▶ **TASK ITEM**
An exact copy of the lines from the start of the material below through the line containing "Overall that dragged" is the required answer, and it includes no pictures.

▶ **MATERIAL FOR THE TASK**

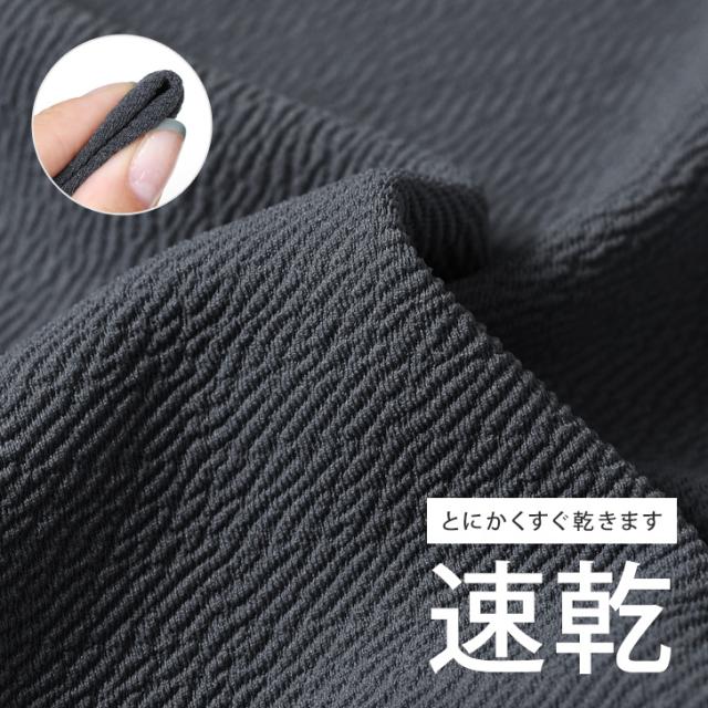 汗をかいても水に濡れても乾きやすい速乾エンボス素材で、
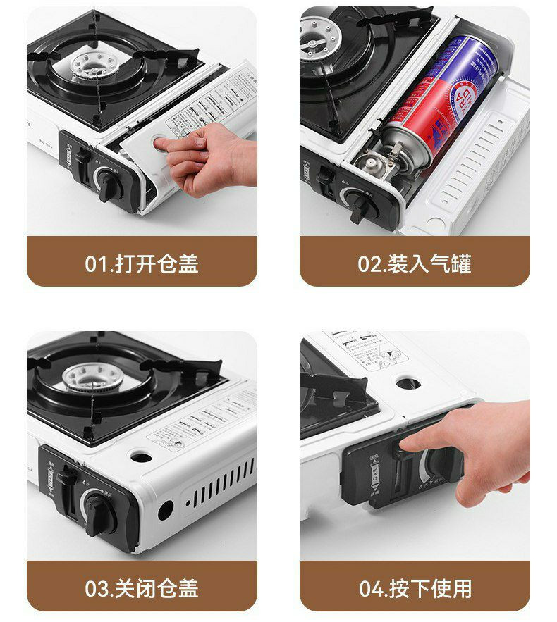 Boîte pour un réchaud à gaz portable de la marque SRTJ, modèle BDZ-155-A.
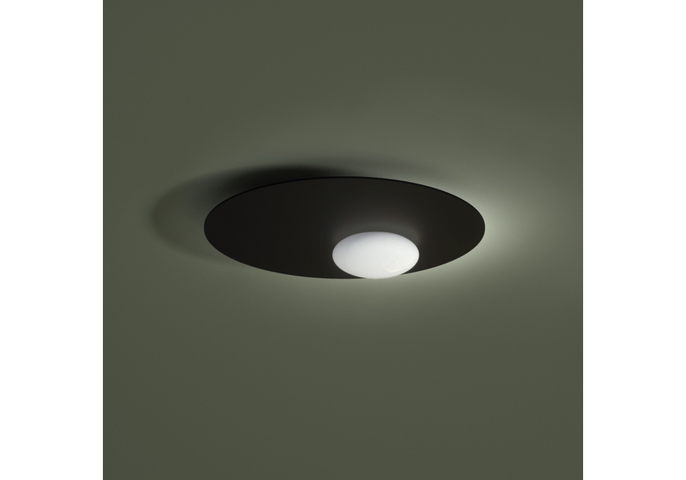 Kwic designed by S. & R. Cornelissen for Axo Light is a ceiling/wall lamp made of steel and aluminumin. Opaline blown glass diffuser. Available in three finishes and two sizes. Built-in dimmable LED light source.
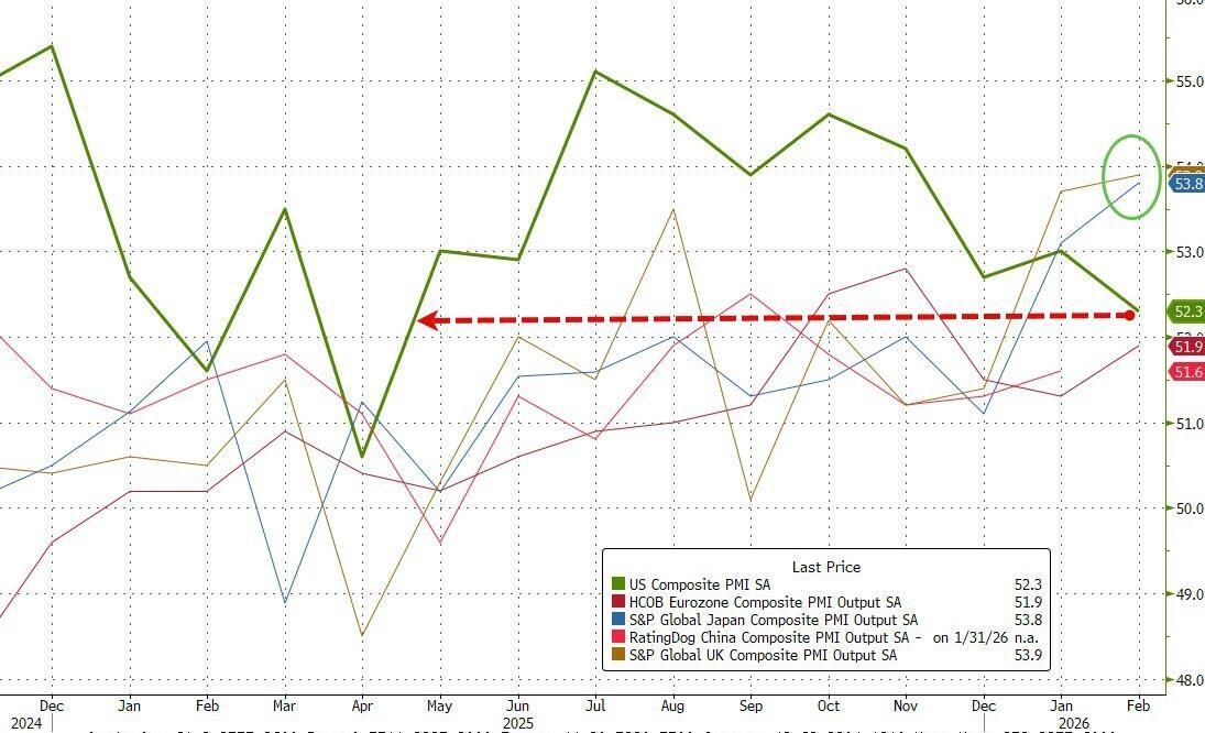 Overall that dragged the US Composite PMI down to its lowest since April 2025 (and weaker than UK and Japan)...
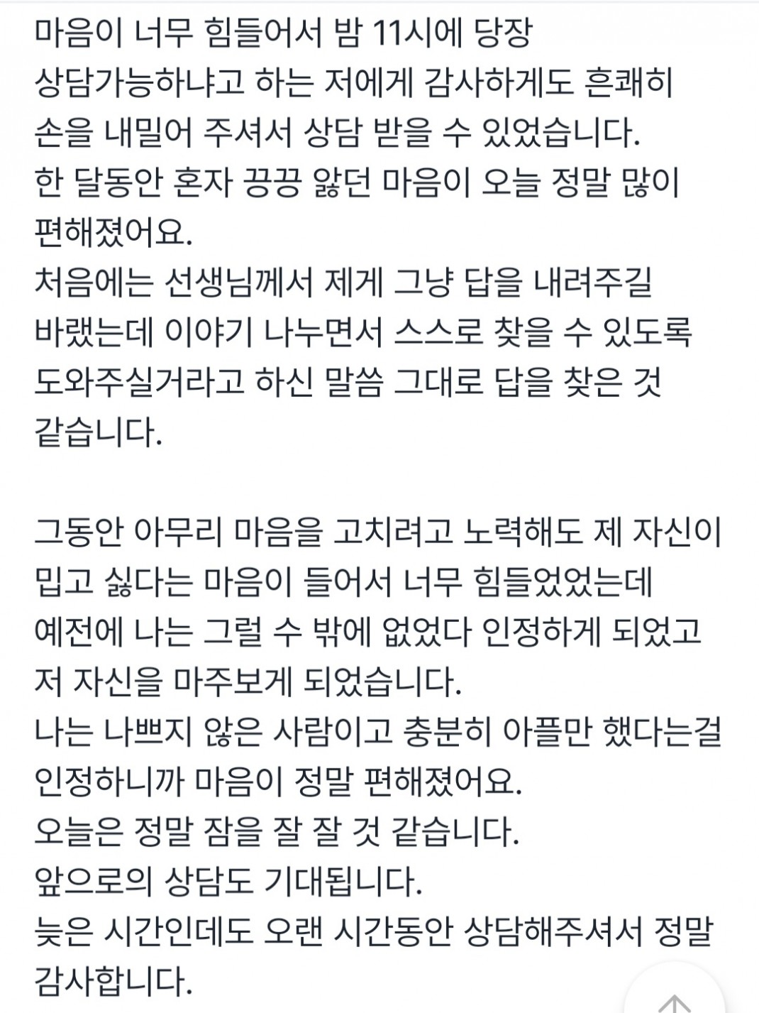 마음이 너무 힘들어서밤 11시에 작성자관리자 등록일 25-08-25 조회56회 본문 마음이 너무 힘들어서밤 11시에 당장 상담가능하냐고 하는 저에게 감사하게도 흔쾌히 손을 내밀어 주셔서 상담 받을 수 있었습니다. 저는 다음상담때 제가 해야 하는 숙제가 생겨서 좋았습니다. 오늘은 이 답답한 감정을 더이상은 느끼기 싫어서 목록 글쓰기

▶ **EXERCISE OUTPUT**
 汗をかいても水に濡れても乾きやすい速乾エンボス素材で、
 Boîte pour un réchaud à gaz portable de la marque SRTJ, modèle BDZ-155-A.
 Kwic designed by S. & R. Cornelissen for Axo Light is a ceiling/wall lamp made of steel and aluminumin. Opaline blown glass diffuser. Available in three finishes and two sizes. Built-in dimmable LED light source.
 Overall that dragged the US Composite PMI down to its lowest since April 2025 (and weaker than UK and Japan)...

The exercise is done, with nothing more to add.